I might not comment, but I always enjoy reading about your adventures.
If my incessent babbling ever begins to annoy you, feel free to remove me from your list, with or without explination.
Thank you - though I note you didn't answer the question, "Would you prefer" one or the other. Or maybe you did implicitly, meaning that you don't care one way or the other.
In any event, though some of your "babbling" escapes me (as I have little experience with anime or fandom, etc), I enjoy your posts, too.
I think I've enjoyed shopping for clothes once or twice in my life, and I think that one of those enjoyable shopping experiences happened at the Lansdowne VV.
Other than that, my god is clothes shopping ever painful.
Ever painful indeed. Were I more svelte and living in a more clement climate (god I love alliteration!), and were I less lazy than I am, I would no doubt be a crusader in favour of nudism for all.
well, a detailed comment may be a bit much, but it would be more interesting than simply seeing my number drop and not knowing which person dropped me. Then again, it's easy enough to figure out. Still, I think I'd like a comment, otherwise I need to dust off my paranoia and invent something.
Yeah, I think I'm coming around to that opinion, actually. Dilvalicious'
comment in particular has reminded me that LJ "friends" can very often make for a relationship, however tenuous.
i think it's hilarious when people jump to do that.. "well if you don't want to read my journal, FUCK YOU TOO!"

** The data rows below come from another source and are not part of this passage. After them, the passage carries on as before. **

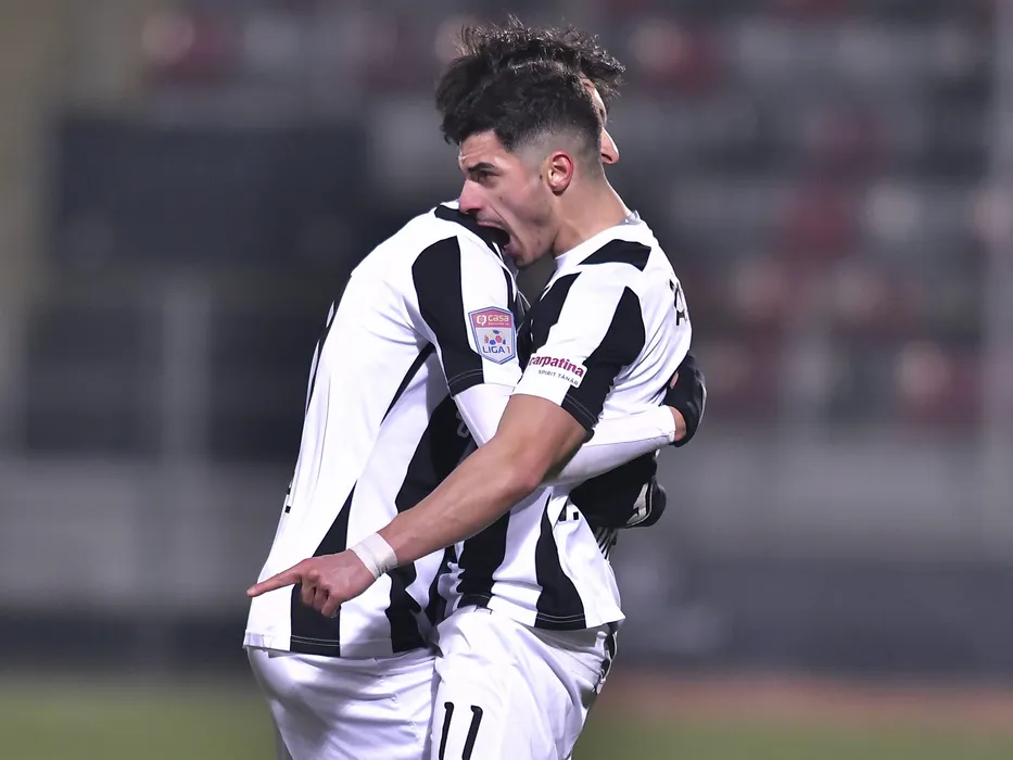 Valentin Gheorghe se bucura dupa un gol marcat alaturi de Albert Tivadar Stahl in meciul de fotbal dintre Astra Giurgiu si Dinamo Bucuresti, contand pentru Liga 1 Casa Pariurilor, desfasurat fara spectatori pe Stadionul Marin Anastasovici din Giurgiu, duminica 21 februarie 2021. © FOTO:Razvan Pasarica/SPORT PICTURES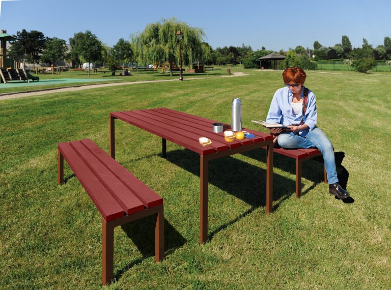Zestaw ogrodowy w którego skład wchodzą dwie ławki i stół ogrodowy. Meble piknikowe wykonane z drewna i ze stalowego stelażu.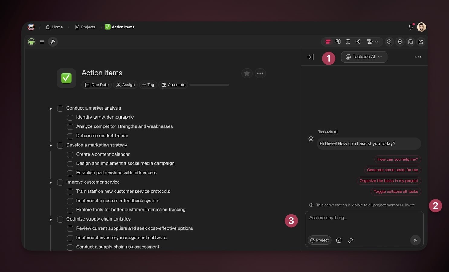 Use Taskade EVE (Taskade Assistant Agent)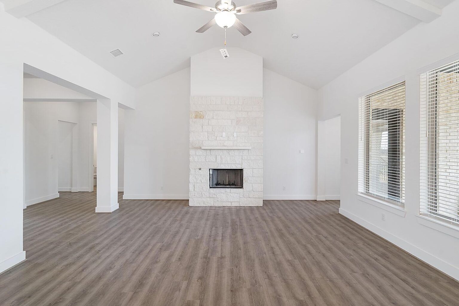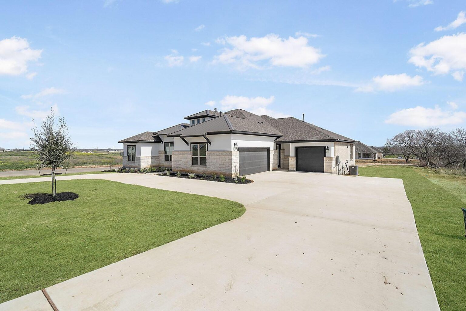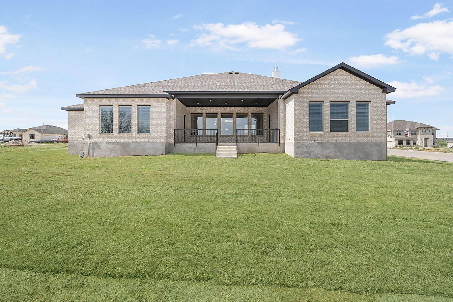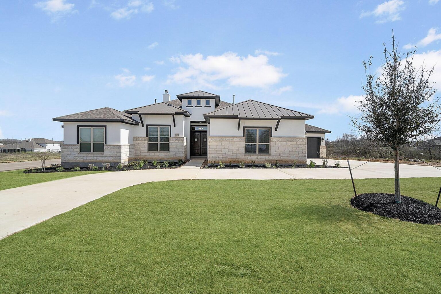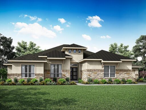 The Pedernales Plan at Everly Estates is a grand single-story architectural design offering 3,391 sq. ft. of living space on a sprawling 1/2 acre homesite. The heart of this home is an expansive, open-concept family, dining, and kitchen area featuring dramatic 20’ ceiling heights, creating an atmosphere of unmatched scale and light. For those who love the outdoors, the residence includes a massive standard covered patio, providing a premier space for entertaining guests or enjoying the native, drought-resistant landscaping. The primary suite serves as a true private retreat, now featuring two oversized walk-in closets and a spa-like bath with a Royal Bath garden tub. Modern efficiency is built into every detail, from the HVAC system and Low E 3 windows to the eco-friendly gas tankless water heater. The gourmet kitchen remains a culinary focal point, boasting J-Kraft custom shaker 42” cabinetry and a premium GE® stainless steel appliance suite. Meticulously finished with a brick and stone elevation, this home blends Hill Country charm with modern living.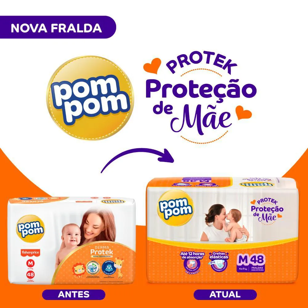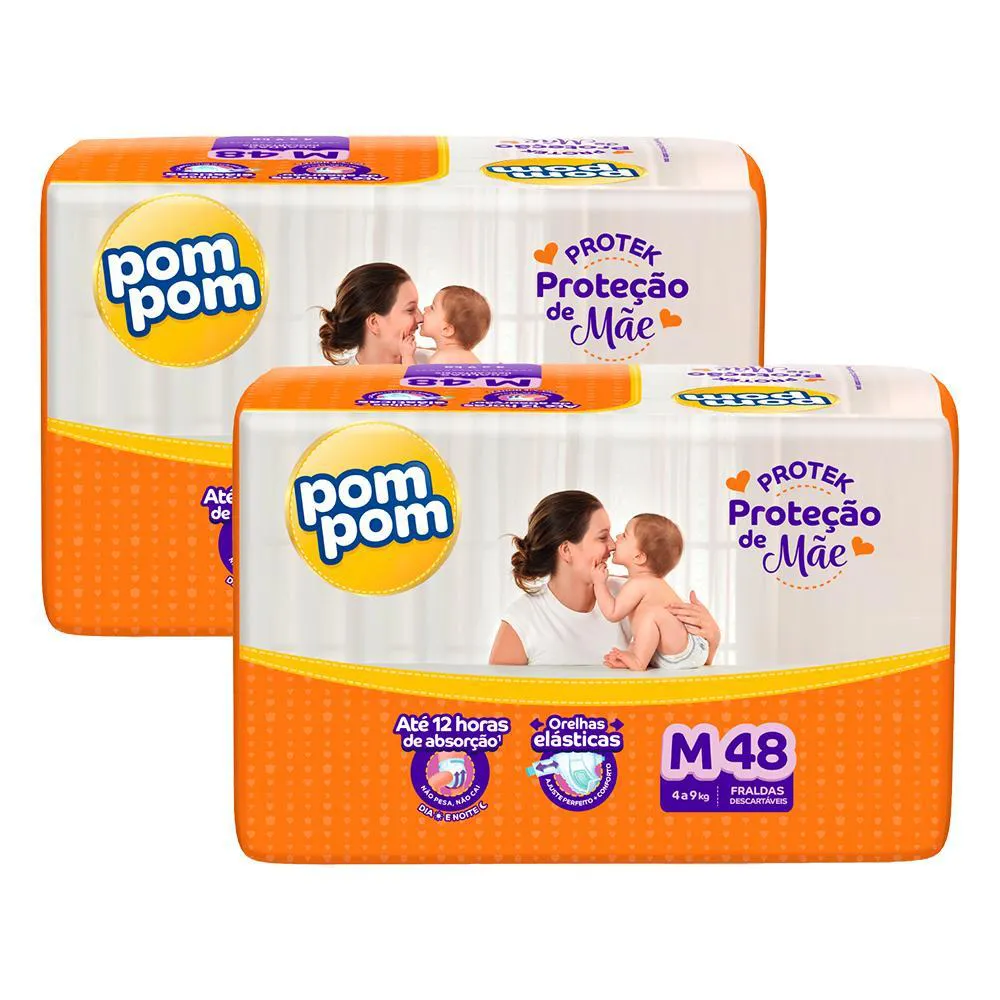 Kit 2 Fraldas Pom Pom Derma Protek Mega M com 48Un Cada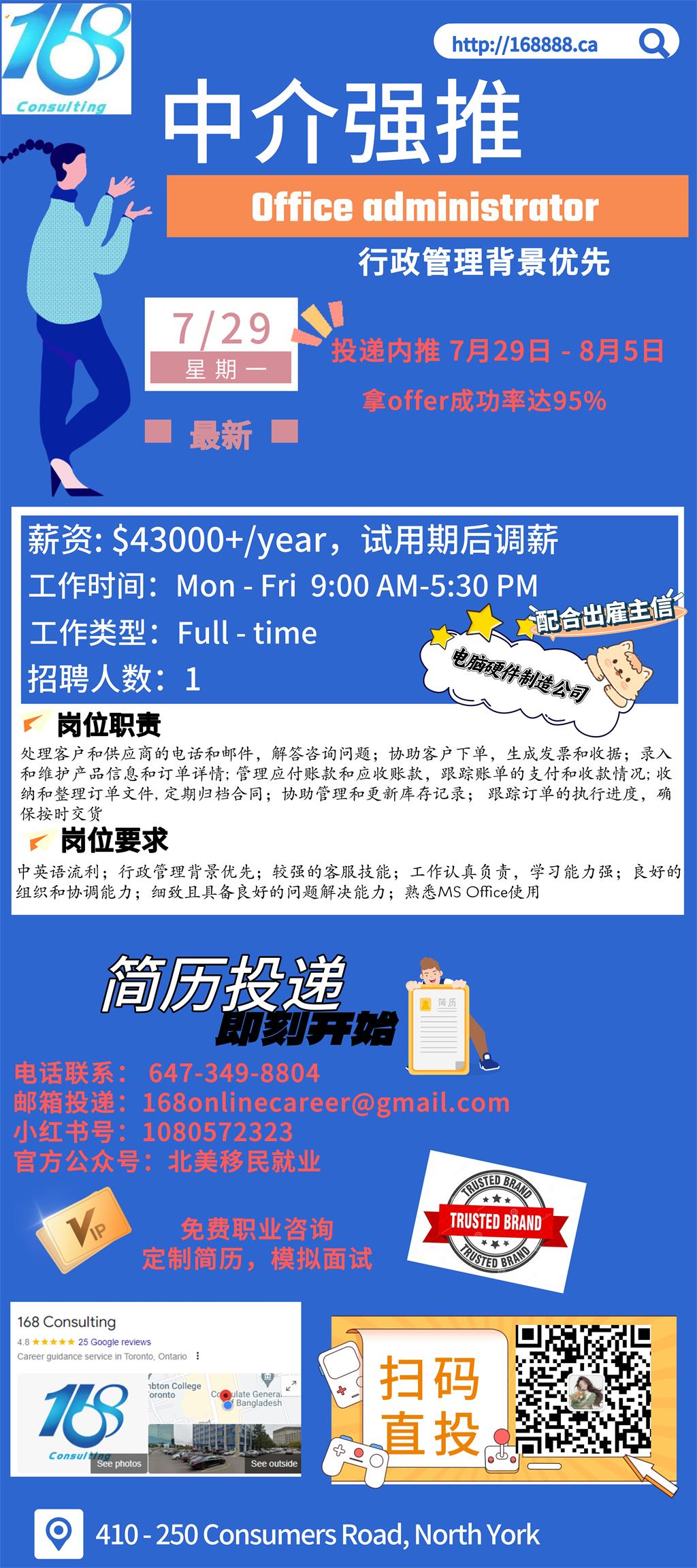 【168新岗】列治文山电脑硬件制造公司招聘Office administrator 1名 (可移民)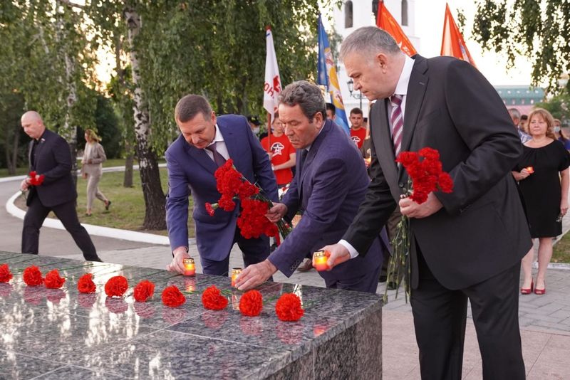В истории нашей страны 22 июня - печальная и памятная дата. В этот день 80 лет назад войска гитлеровской Германии и ее европейских союзников вторглись на территорию Советского Союза. Сегодня, в День памяти и скорби, в 4 часа утра у мемориального комплекса «Вечный огонь» в Сызрани состоялась ежегодная акция «Свеча памяти». В ней приняли участие и.о. главы города Анатолий Лукиенко, депутаты губернской думы Петр Лобарев и Сергей Гринько, секретарь местного отделения партии «Единая Россия» Николай Лядин, генеральный директор АО «Тяжмаш» Андрей Трифонов, депутаты городской думы, сотрудники администрации, МУ МВД «Сызранское», «Боевое братство», члены патриотических клубов. В память о погибших защитниках Родины были зажжены свечи, к вечному огню возложены цветы.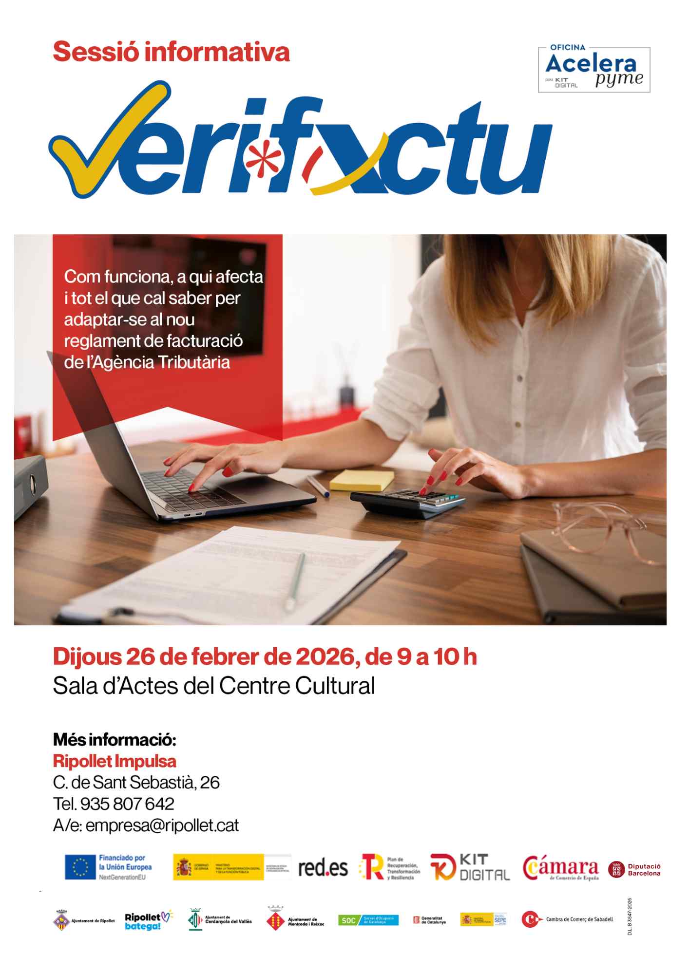Els ajuntaments de Ripollet, Cerdanyola del Vallès i Montcada i Reixac organitzen conjuntament una sessió informativa sobre la nova normativa Verifactu, el sistema promogut per l’Agència Tributària que regularà l’enviament automàtic i segur de les factures en temps real. L’acció s’adreça a persones autònomes, emprenedores i empreses que vulguin conèixer de primera mà com els afectarà aquest nou marc normatiu i com preparar-se adequadament.

i don't comment either, but i love the way you write.
Isn't it lovely to have someone who knows how to take care of you in the manner in which you will receive it best?
Yes it is. I am a very lucky man to have Laura in my life.
You know, you're quite right... I *did* obstain from groping you much!! I won't make the same mistake twice, mind you.
Im extatic (yes, that's right, **extatic**) that you enjoyed the Ultimate Value Village Shopping Experience! with me :)
Please, please, please, please, PLEASE!! wear that dreadfully tacky shirt to work tomorrow...*flutters eyelashes at you* ...with the beige pants preferably, they seem to "compliment" eachother well.
As for people deleting you from their Friends List in a huff, I'd say it's to be expected. It is an ego thing-regardless of them liking your work or not. Although I suppose if they *really* liked it they might not of done that... They just felt like it was an uber insult, I suppose.
Have a good night dear (Last night I stayed in (for the first saturday in a loooong time) and did some closet organizing myself (im still not done... its taking a while..._) anyway, i found out that i have 24 pairs of pants!!! Naturally I don't wear all of them regularly and I recall throwing about 5 out but that number absolutely astounded me.... AND!!! it turns out that I have socks too, it was just a matter of matching them all...)
Ahems, that was a pretty long Post Scriptum (Although I didnt specify that being a P.S.)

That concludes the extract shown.